In the end, of course, we are allowed at least a brief reprise from despair in the form of the family that take the boy in. Yet they are a poor substitute, and the genuine love and caring the boy has lost in his father is irreplaceable. Ultimately, the closing message seems to suggest that kindness itself is irrelevant; in a world such as this, there is truthfully survival – or death.

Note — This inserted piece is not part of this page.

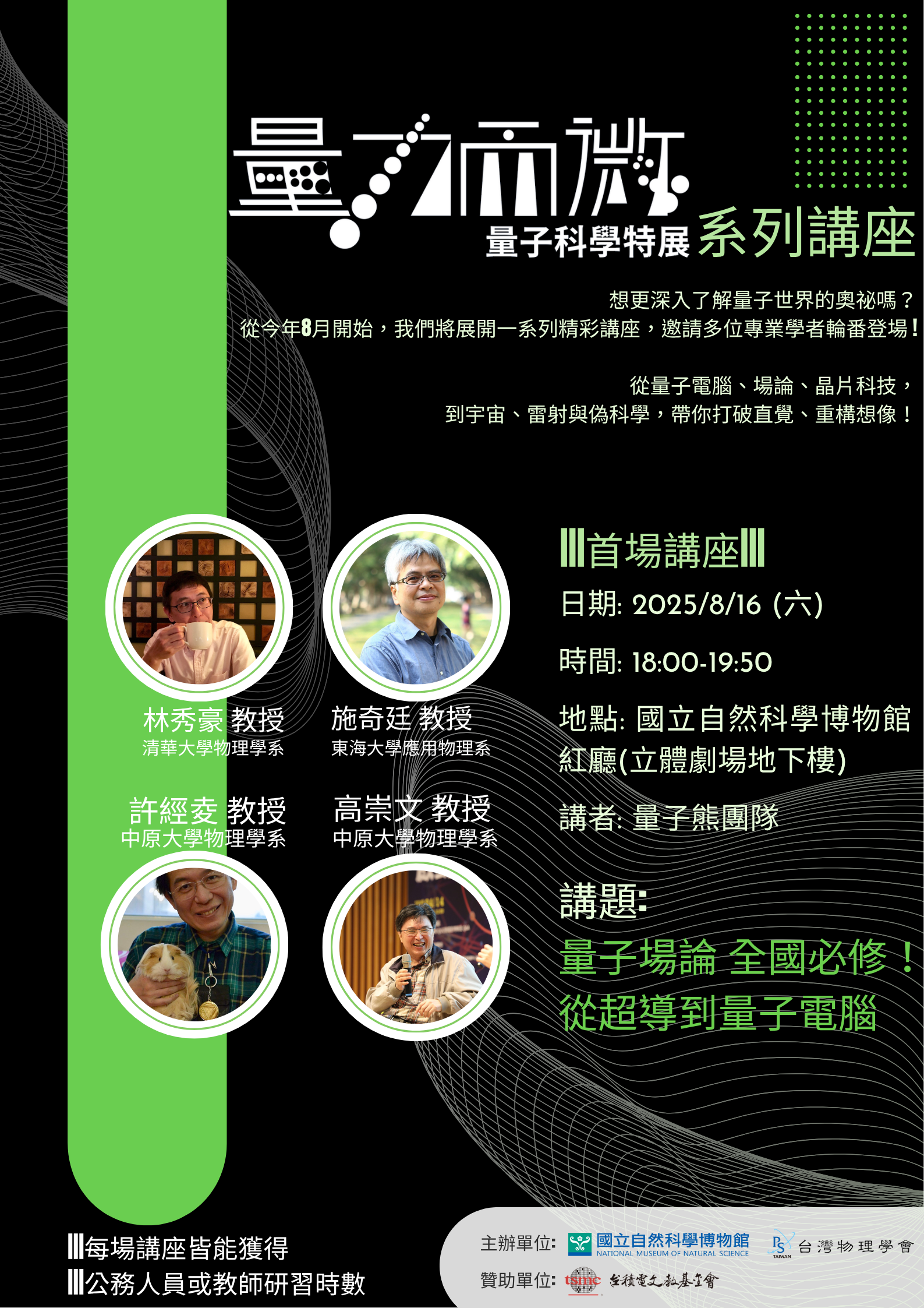 轉知社團法人台灣物理學會與國立自然科學博物館共同舉辦「量子科學系列講座」首場活動資訊。(如附件)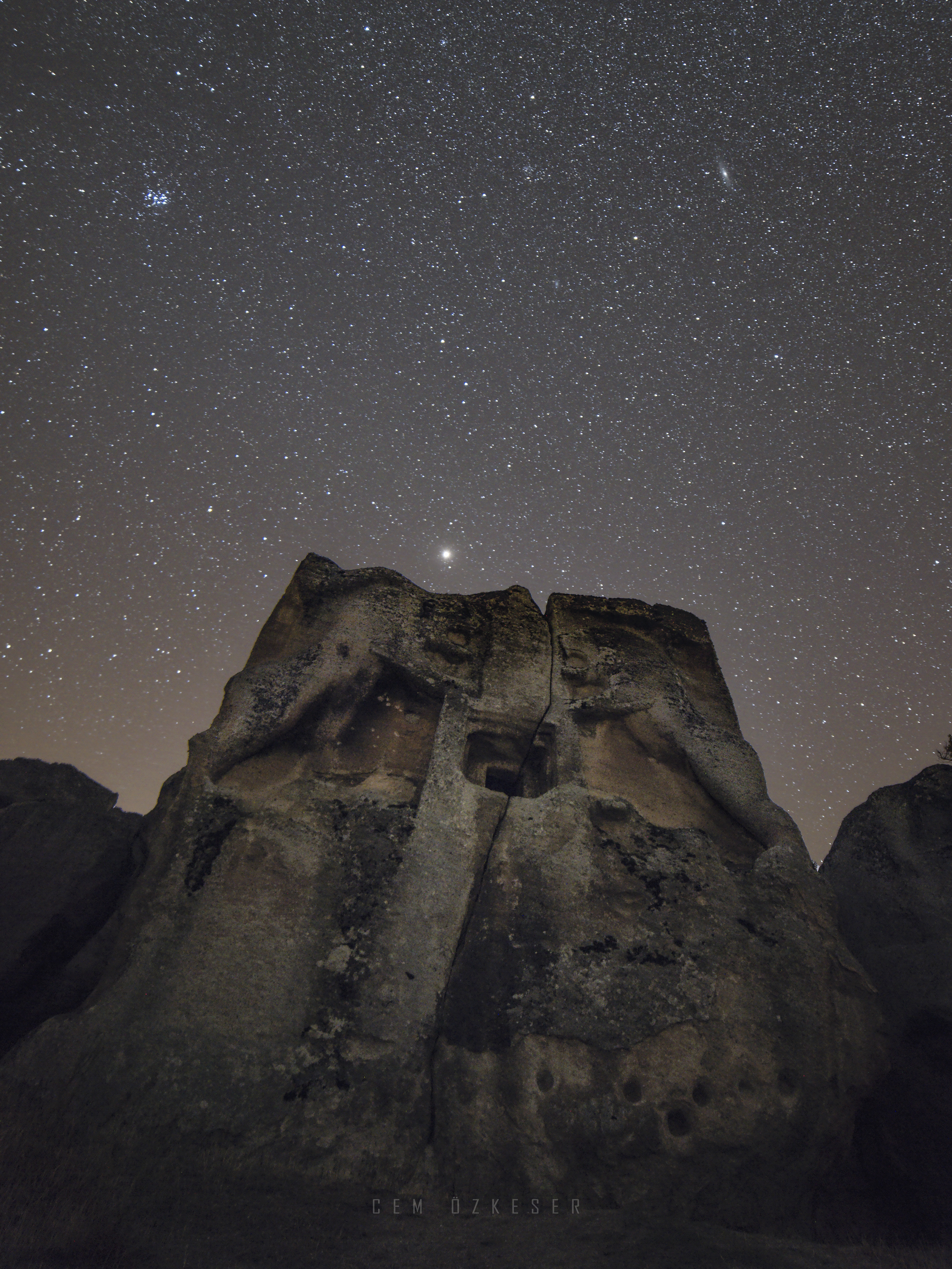 Three very different -- and very famous -- objects were all captured in a single frame last month. On the upper left is the bright blue Pleiades, perhaps the most famous cluster of stars on the night sky. The Pleiades (M45) is about 450 light years away and easily found a few degrees from Orion. On the upper right is the expansive Andromeda Galaxy, perhaps the most famous galaxy -- external to our own -- on the night sky. Andromeda (M31) is one of few objects visible to the unaided eye where you can see light that is millions of years old. In the middle is bright red Mars, perhaps the most famous planet on the night sky. Today Mars is at opposition, meaning that it is opposite the Sun, with the result that it is visible all night long. In the foreground is an ancient tomb in the Phygrian Valley in Turkey. The tomb, featuring two stone lions, is an impressive remnant of a powerful civilization that lived thousands of years ago. Mars, currently near its brightest, can be easily found toward the east just after sunset.

Tales of Despair: My Dying Bride and the Destroyer of Hope

Weeping with you. Arms around them
Flowing with you. Without your men
Keeping with you. Feeling their shiver
Drowning with you. Deep in this river

Tired and lonely. Sitting and staring
Weak and filthy. No longer caring
Wasting to nothing. The rubble of you
Hoping for something. Poison where love grew

People. Feel her mind
She is broken
People. Fill your eyes
Her body is broken

Leave me be, with my memories
I can still see all the lovers of me
I still know those feelings

You’re still mine, my lover
I watch over you
Goodbye my lover
No sorrow. Please, no tears

Holy and fallen. Watch yourself die
Fade and wither. Long lost the fight
Tremble to sleep. Her man long gone
Years, and still weeps. Never forgotten

My Hope, the Destroyer

© 2001 My Dying Bride

It would be impossible for me to write of despair without at least mentioning the beautiful and doom-laden music of British band My Dying Bride. From a musical point of view, there is little else in all the canon of recorded music that is so inspiring of – and inspired by – despair and misery. Over the past twenty years, My Dying Bride have filled the world with misery, in a series of beautifully recorded and artfully written albums and songs. The mastery of these albums is, as much as the musical style itself (slow, morose, often heavy, with achingly tragic vocals), the imagery dredged up by their dark and evocative lyrics. Though they rarely tell a story (The Light at the end of the World is a wonderful exception), the visions painted by these terrible words have endured in my mind for years, and it is these I would share with you.

“My Hope, the Destroyer” is a part of their 2001 album The Dreadful Hours, and is the culmination of an hour-long soundscape of doom. Metaphor and reality blend interchangeably, and from the opening strings, a scene of such utter bleakness is painted that it blackens the very world around you:

There is a man, eyes red and swollen with many tears, arms out to a soul that is not there. In a room, dimly lit, he feels himself drawn ever deeper into a corner of blackness, and the world above fades into utter nothingness. So has he been for days, and now he has not the strength to crawl of the unlit void into which he has been carried away. Voices pass around and over him, and they are distant, unheard and meaningless. Their sound is cold, and bring no comfort.

As this man is ever drawn down a stream of unconscious and black, twisted claws of despair rise from the deep, and he comes to pieces, and is undone. In this dying, he sees his woman, in white on a ground of black stone, stained in red, and the bleak faces of people and demons gather and stare. He is there, again, and in his arms she is lifeless. In the rain, the gray and the red above, the twisted faces of the past stare down, and mock him.

He is carried away on the sea of ink, and there is a stone, upon it a word, and below it a death. The tree above is leafless, and the raven does not move. Water drips on the stone, and it is not rain.

And in the fading twilight of his life, his every thought has ever been bent upon this moment, and turning back on a life of many years, all hope failed that one night, and tears have filled all the nights since.

Such are the scenes in my mind, every time I hear this song, and I am given to wonder – what tragedies inspired music of such despair?